Christchurch has had a stimulating creative community for a long time. There is a consciousness within Christchurch which sees a very strong place for the arts. We often look back at the artists, writers and poets that came out of Christchurch in the post war period. However I think in some ways that golden epoch can colour our attitudes; make people think everything to do with the arts in Christchurch is progressive and positive and I don't know if that's always a fair reflection. Golden ages can inadvertently mask other issues within society.
I am from Dunedin, but as a child I came here regularly and my parents are from Christchurch. I've always felt slightly outside Christchurch. Maybe it's the notion of class. Class was something present on the surface in Christchurch. I never experienced it to the same extent in other communities I grew up in. However over more recent years, that sense of class hasn't been so strong. The notion of this community changing has been prevalent, not just in a physical sense, but very much in a cultural and social sense. That makes Christchurch fascinating. It opens up possibilities.
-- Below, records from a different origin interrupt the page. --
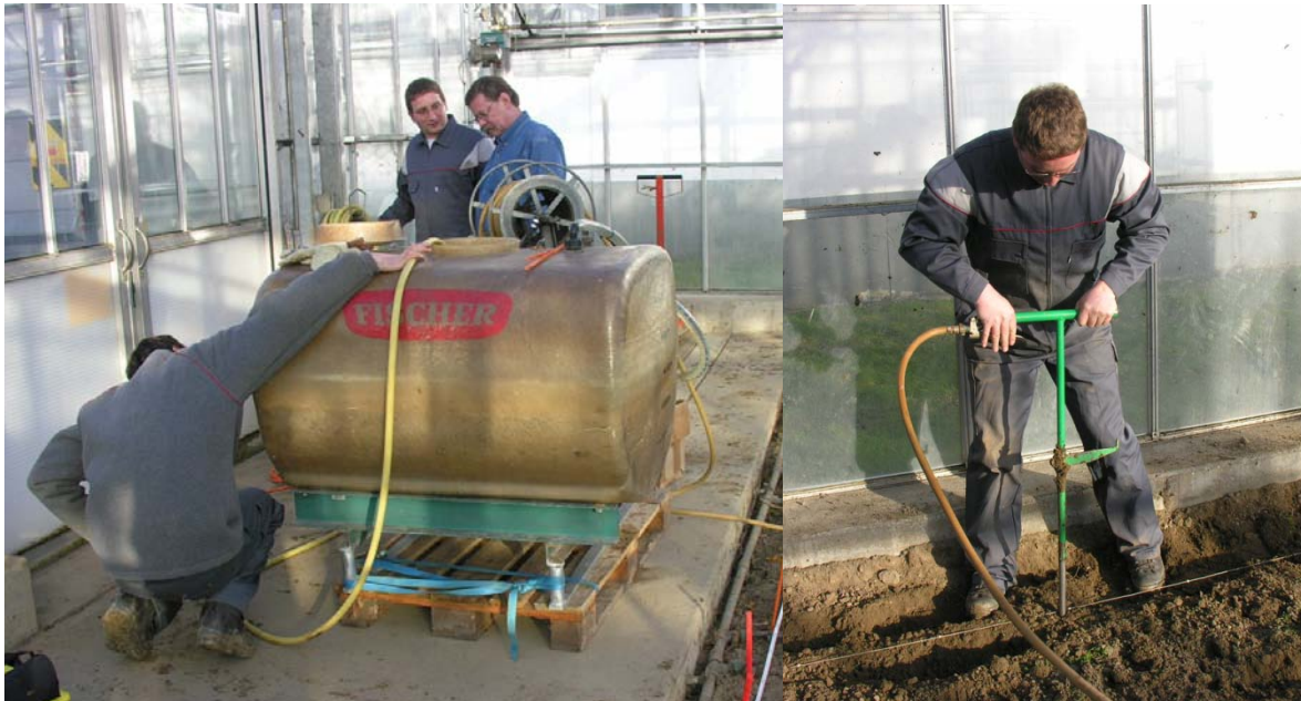
Abb. 4: Vorbereiten der Zucker-Harnstoff-Lösung und Ausbringen mit der Düngerlanze.

61% reduzierte Vermehrungsrate. In der anderen Parzelle konnte hingegen kein Unterschied zur Kontrolle festgestellt werden.
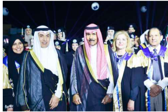
•...ومتوسلاً عدداً آخر
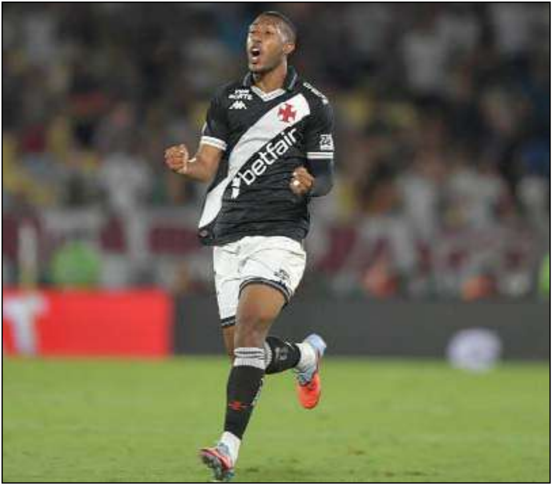
Vasco espera uma valorização ainda maior do seu ativo

80 milhões de euros (cerca de R$500 milhões). O que põe o Vasco em condições de ser o mediador da negociação, impondo os valores que eles enxergam como justos para a venda de uma das suas maiores joias. Apesar dos R$200 milhões oferecidos serem um valor que traria uma certa tranquilidade para o clube na próxima temporada. O que o camisa 77 fez nesta temporada com apenas 19 anos de idade, faz o clube sonhar com valores mais altos e equipes de uma prateleira maior no futebol europeu.
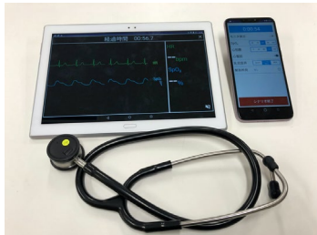
IoT型聴診器とシミュレータシステム

COVID-19の制限下で、分担者の京都大学医学部附属病院内での模擬講習による効果計測実験より試作したNCPR講習シミュレータの機能検証と改善点の抽出を行った。
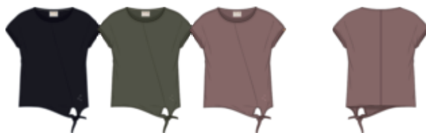
39428-00200 schwarz 39428-00733 oliv 39428-00523 malve

MATERIAL Cotton Single Jersey, 100% Baumwolle EIGENSCHAFTEN carbon finish GRÖSSE 34 - 46
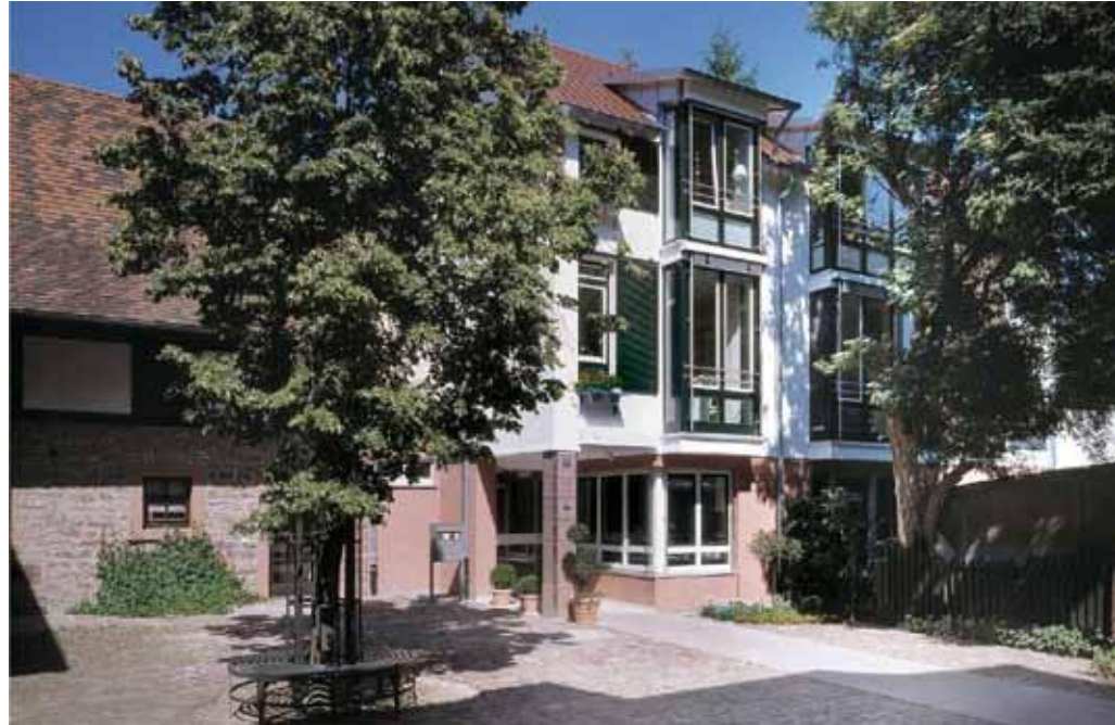
Im Sommer 2006: Das Hospiz „Arista“ - Blick auf den Eingangsbereich und den Hof.

Mit vielen Veranstaltungen und Aktionen hatten die Mitglieder des sehr aktiven Fördervereins „Hospiz Ettlingen e.V.“ um Spenden geworben und durch den Verkauf unzähliger „Bausteine“ für 1 Euro eine stattliche Summe gesammelt. Außer einem vorhandenen Vermächtnis sowie einem zinslosen Darlehen der Krebsstiftung halfen Kliniken, kirchliche Institutionen, Rotary-Clubs und Stiftungen sowie der Landkreis, die Städte Karlsruhe und Ettlingen, vor allem aber zahl-
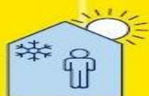
RESTEZ AU FRAIS
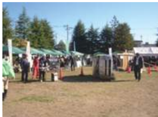
福住町防災訓練風景
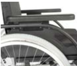
// RUB040002 Seitenteil mit Armpolster
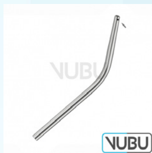
COUPLAND SAUGKANÜLE Ø 3,5MM MIT SEITENLOCH Art.Nr.: VUBU-10-46704
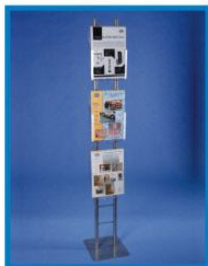
1 FPD MN/A4
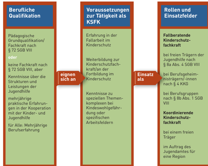
Abbildung 1: Qualifikation und Einsatzfelder der Kinderschutzzfachkräfte (KSFK)

Kinderschutzzfachkräfte außerhalb der Jugendhilfe können den Beratungsanspruch nach den §§ 8a Abs. 4 und 8b Abs. 1 SGB VIII nur erfüllen, wenn sie hierzu generell oder im Einzelfall das Einverständnis des zuständigen Jugendamtes erhalten. Dabei muss sichergestellt sein, dass sie die Expertise der Jugendhilfe (z.B. in Form einer Kinderschutzzfachkraft als Tandempartnerin aus dem Feld der Jugendhilfe) in die Beratung miteinbeziehen (vgl. Tandem-Modell unter Punkt 1.4).
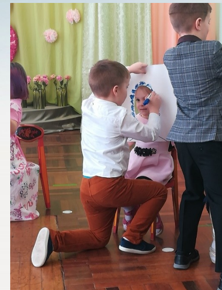
Конкурс « Мастер причесок»
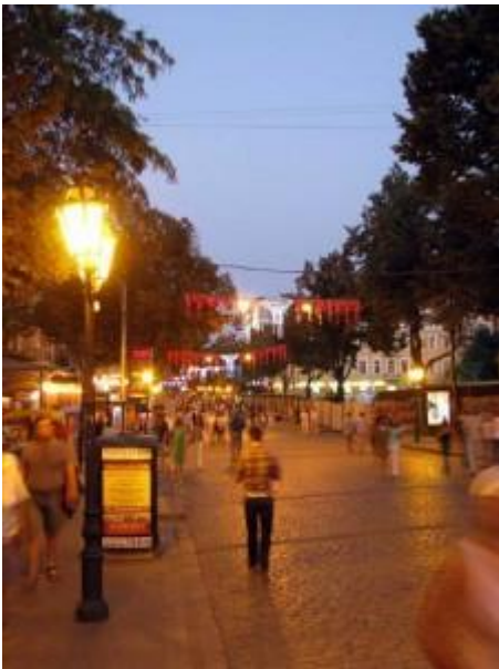
Дерибасовская улица в Одессе
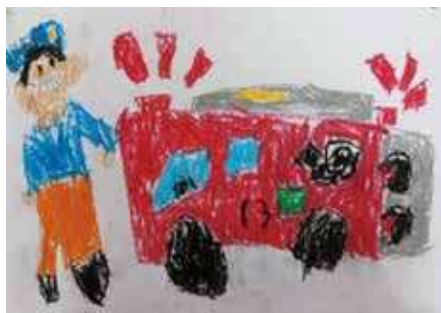
斗和保育園 つつみ おとはさん
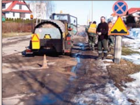
Likwidowanie dziur w nawierzchni ul. Szwanke

prezydenta Ewa Gładysz. Na bieżące utrzymanie dróg w tegorocznym budżecie zapisano 3 185 tys. zł, z czego na remonty cząstkowe przypada 933 tys. zł. – Zawsze te środki były niewystarczające, ale przy takich opadach śniegu i spustoszeniu, jakie zima uczyniła na naszych drogach przydatąby się kwota dwukrotnie wyższa. Oprócz dbałości o nawierzchnie musimy drogi odwadniać, oświetlać, wykaszować pobocza – przypomina wiceprezydent Gładysz.
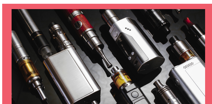
DISPOSITIVI DELLE SIGARETTE ELETTRONICHE
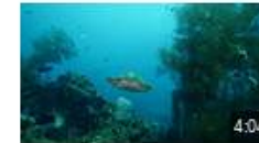
Tortue sur l'épave du Liberty
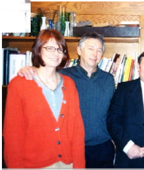
В гостях у друзей в Портленде
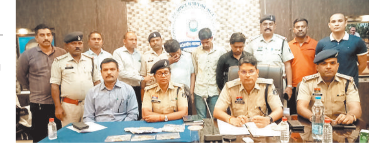
चोर गिरोह का पर्दाफाश करते पुलिस के अफसर।
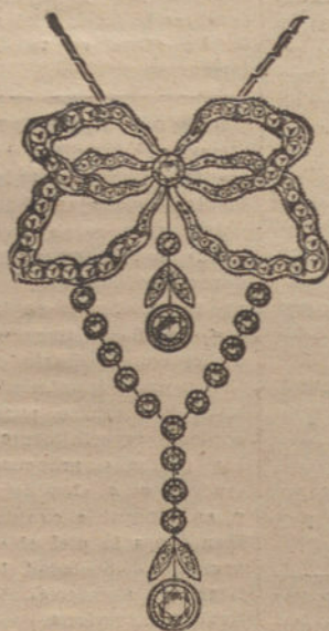
Núm. 2.—18 brillantes y diamantes. Ptas. 1.500.
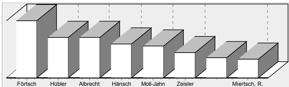
Abbildung 1: Stimmenverteilung
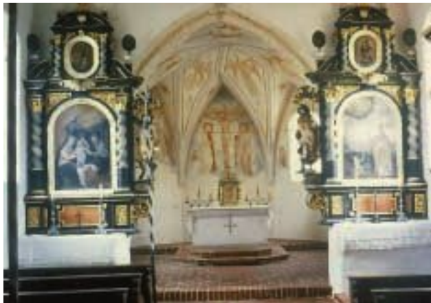
Glionbercha, Mariä Verkündigung. Innenansicht

Der ehemalige Hochaltar steht seit der Kirchenrestaurierung an der Langhaussüdseite und bildet als hochbarockes Retabel (Altaraufsatz) aus der Zeit um 1700 mit den beiden Seitenaltären eine stilistische Einheit. Die Mitte des Altares ziert Maria mit Kind auf dem linken Arm, in der Rechten eine Weltkugel mit Kreuz haltend, wonach das
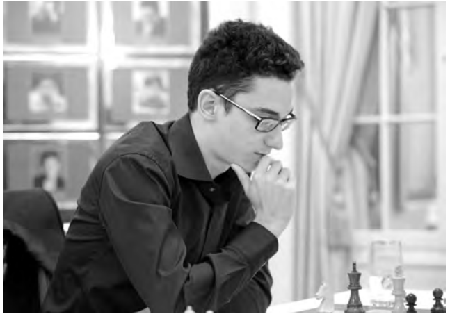
Fabiano Caruana a gagné le tournoi des Candidats.

► Alexander Grischuk (6½ points): rock'n'roll! En plus d'un résultat surprenant, ayant été proche de la tête du tournoi avant de «craquer» en fin de parcours, il aura sans doute été la personnalité préférée du public. Le russe semblait détendu, et a beaucoup amusé la foule avec des réponses
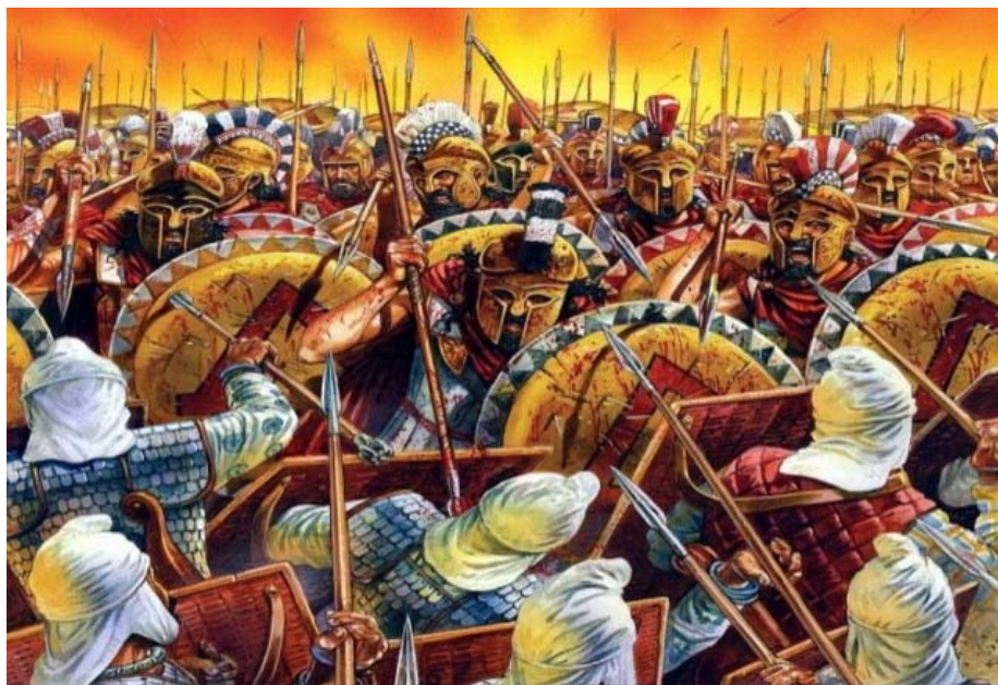
Η μάχη του Μαραθώνα Τάξη Δ Κεφ. 16 Ηλιάδης Ηλιάς

Ας μην ξεχνάμε το πώς από τον βάλτο του Μαραθώνα φθάσαμε εδώ. Η απεικόνιση στην ποικίλη Στοά που περιγράφει ο περιηγητής Πausanias είναι η σύνδεση που έχουμε της μάχης με το έλος..
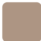
Kaki 412 Kaki 412
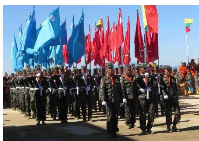
RCSS SSA troops.

The military regime has ordered an organising committee not to hold the 76th Shan National Day in Mong Pan Township, southern Shan State. The holiday that’s celebrated on 7 February has already been postponed for three years, mainly because of the pandemic.
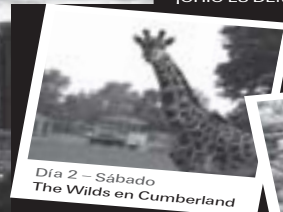
Día 2 - Sábado The Wilds en Cumberland
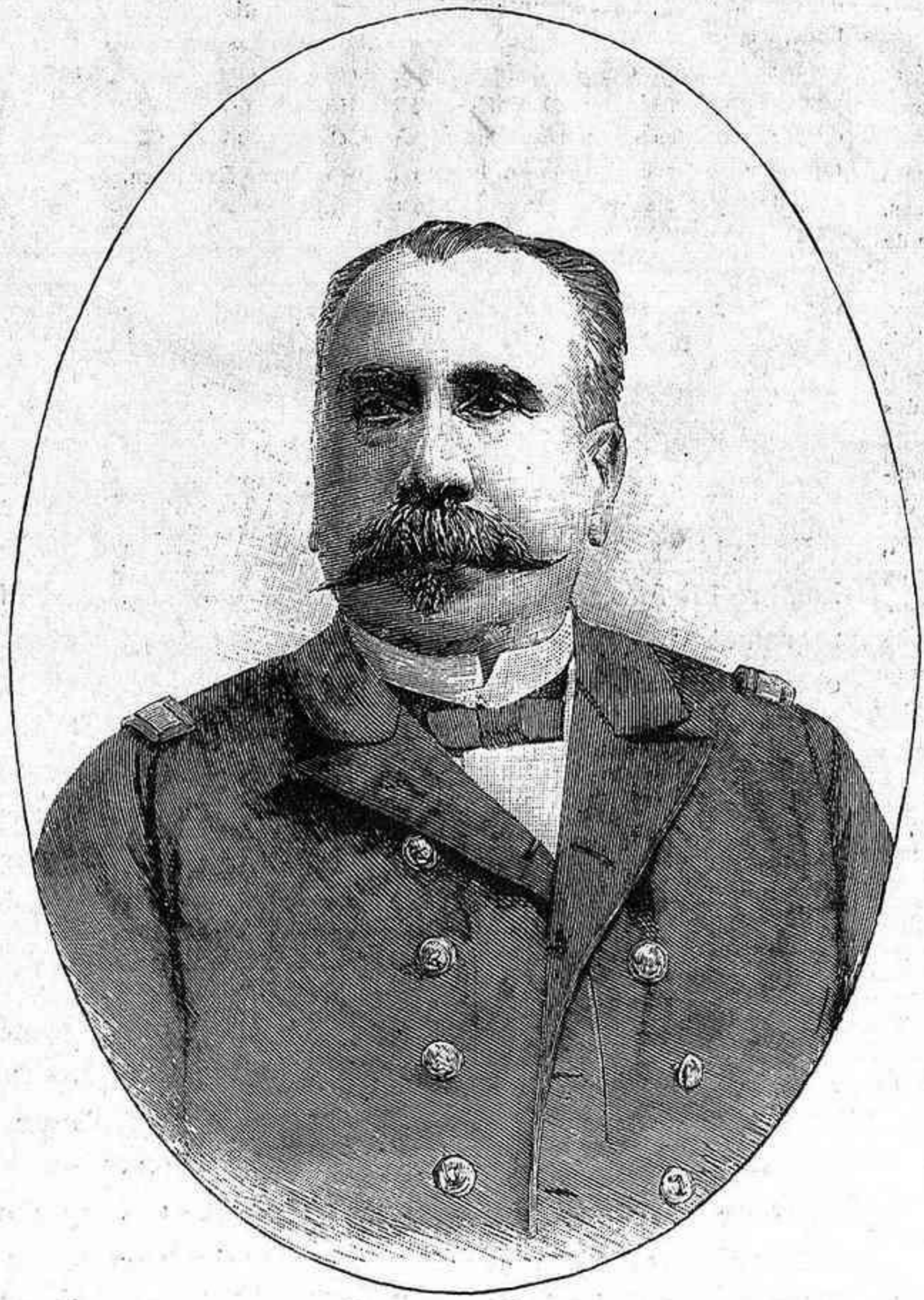
EL CAPITÁN DE FRAGATA DON VÍCTOR CONCAS, Autor de una conferencia sobre impresiones de un viaje por los Estados Unidos.
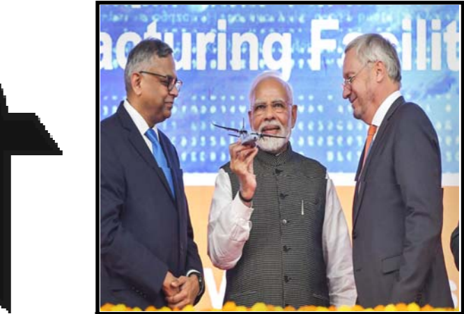
रक्षा अधिकारी के अनुसार विमान के निर्माण का यह कदम भारत को डिफेंस के क्षेत्र में आत्मनिर्भर बनाने के लिए लिया गया है। केंद्र सरकार ने भी आत्मनिर्भर भारत को तेजी देने के लिए सेना के कई सारे उपकरणों का निर्माण भारत में कराना शुरू कर दिया है।

कांग्रेस के वरिष्ठ नेता ने ठभाजपा विचारकठ का नाम लिए बिना कहा, ठउन्होंने ( भाजपा के विचारक) मुझे ये संदेश भेजा: अजीब बात ये है, नेहरू को बदनाम करना एक बात है, लेकिन
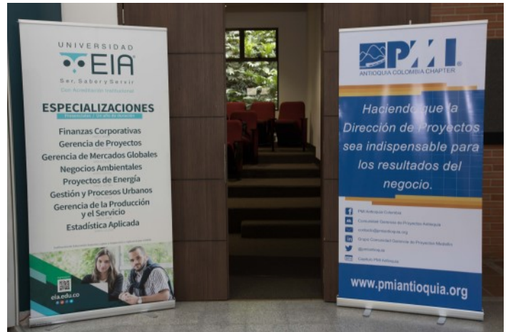
Aliado Educativo - Universidad EIA
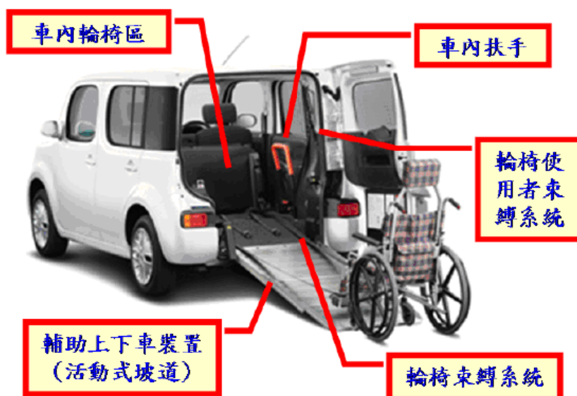
輪椅區車輛設備示意圖
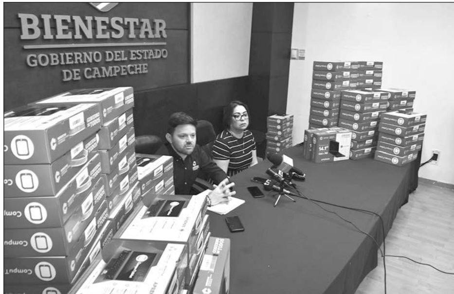
▲ Los equipos que no fueron mencionados en la primera entrega llegarán a estudiantes de excelencia académica del nivel medio superior, anunció la Sebien.

En la sala de juntas de la dependencia también colocaron parte de los 105 equipos restantes para que medios de comunicación revisaran, si así gustaban, las cajas selladas que contienen los equipos referi-
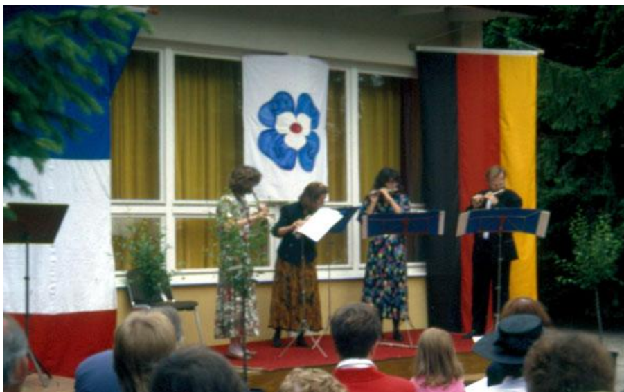
Am 18.6.1989 findet im Garten der Kleinfeldschule eine Matinée mit den Domonter Freunden anlässlich der Germeringer Kulturwochen statt.

samen Chorkonzerte oder die Chansonabende, die sinnvollerweise natürlich von französischen Künstlern gestaltet wurden. Nicht zu vergessen sind Konzerte im Park im Juni 1989 und 1991 mit über 200 Besuchern.
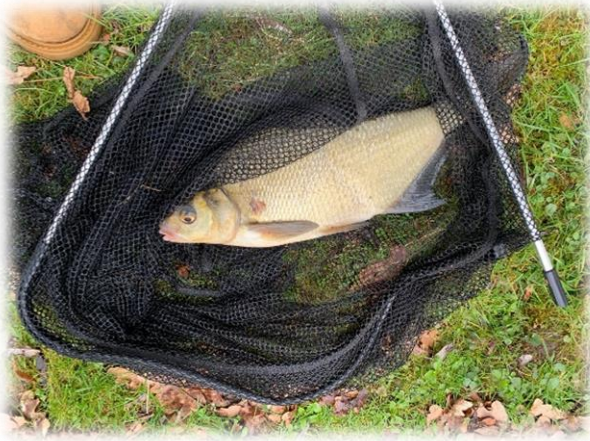
ein schöner Brassen
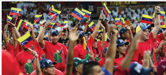
MINDANNYIAN VENEZUELAIK VAGYUNK!

Over the last five years since the earthquakes there have been some really interesting initiatives. Permanent spaces have not been able to open and arts organisations have had to deal with a once in a lifetime situation. How the arts community has handled this is an intriguing case study.
The transitional artistic and cultural movement is really important. It has been very much part of the broader discussion about culture and society here and outside of the Christchurch region. But sometimes what gets missed in those discussions are grassroots arts activities. For example a lot of artists lost studios. Some left, some stayed, some are still deciding whether they come back, some have started their entire practice again. That's a very interesting place to be in; one consequence is losing years of work, but starting again can be a really positive experience. People are still living through the aftermath in ways that are very present in terms of their social situations. I think one of the key concerns for artists is deciding whether they address the effects of the earthquake directly, or whether they think of other ways their work can operate, which isn't about that topic.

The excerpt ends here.